USA HRC Spot Prices Breach The $1,100/ton Mark
Spot prices for US-made hot-rolled coil breached the $1,100 per ton level early this week based on WSD’s canvassing of buyers and sellers in the market, even as most planned mill outages have ended. Lead times are at eight to nine weeks, according to market participants as spot availability is still limited, they noted.
Market sources pegged spot prices for average-size tonnage transactions at $1,095-$1,105 on Tuesday, depending on the mill. In fact, Nucor raised its Consumer Spot Price (CSP) for HRC from mills other than CSI to $1,105 per ton on Monday—a $10 hike from last week.
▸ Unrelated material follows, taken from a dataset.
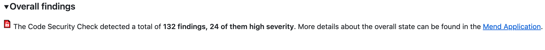 The Overall findings section provides the total count of findings as well as the direct link to the scan’s Details page within the Mend SAST application:

The CSI price was also increased by $10 to $1,155 per ton for the western US.
“The spot market tightness persists,” a Midwest service center buyer said, “so we’re just filling in as best we can.”
A steel distributor in the southern US told WSD that he’s seeing stronger activity from some key manufacturing segments. “Transportation equipment, energy and certain machinery business has been really good lately,” he said.
Market confidence continues to be extremely positive through the summer, based on positions being taken on the CME HRC futures contracts.
Settlements Monday for the CME’s June through November monthly contracts were all well above $1,100 per ton—with August and September even closer to $1,200/ton ($1,188 and $1,182, respectively.) August and September also saw the most volume (278 and 202 lots, respectively.)
Meanwhile, June’s ferrous scrap buying period started Monday June 1. Most scrap market players told WSD they anticipate sideways pricing for prime grades.
“Everybody’s cooking in this market, right now,” a steel trader said.